:: TASK DIRECTIONS ::
Could the listing below be returned exactly, with its pictures left out?

:: DATA EXTRACT ::
↓↓↓

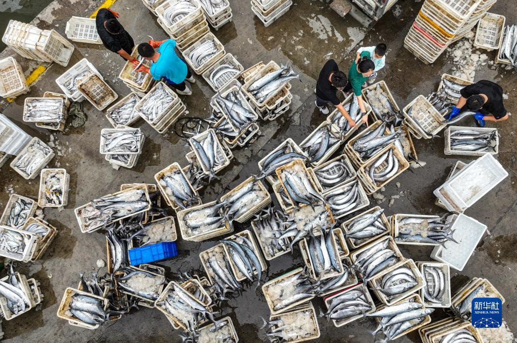 當日,山東省榮成市成山鎮落鳳漁港一派繁忙景象,秋捕歸來(lái)的漁船滿(mǎn)載而歸,靠港卸魚(yú)。
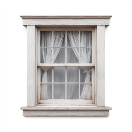 A charming vintage white window frame adorned with sheer curtains, perfect for adding rustic elegance to any interior space. Ideal for home decor inspirations.
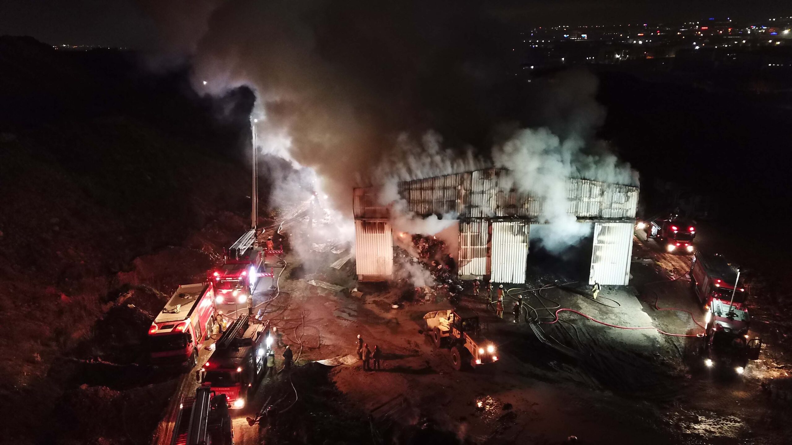 Ek havadan fotoğraflar // Tuzla’da geri dönüşüm tesisinde yangın

↑↑↑

:: ANSWER FOR THIS EXERCISE ::
 當日,山東省榮成市成山鎮落鳳漁港一派繁忙景象,秋捕歸來(lái)的漁船滿(mǎn)載而歸,靠港卸魚(yú)。
 A charming vintage white window frame adorned with sheer curtains, perfect for adding rustic elegance to any interior space. Ideal for home decor inspirations.
 Ek havadan fotoğraflar // Tuzla’da geri dönüşüm tesisinde yangın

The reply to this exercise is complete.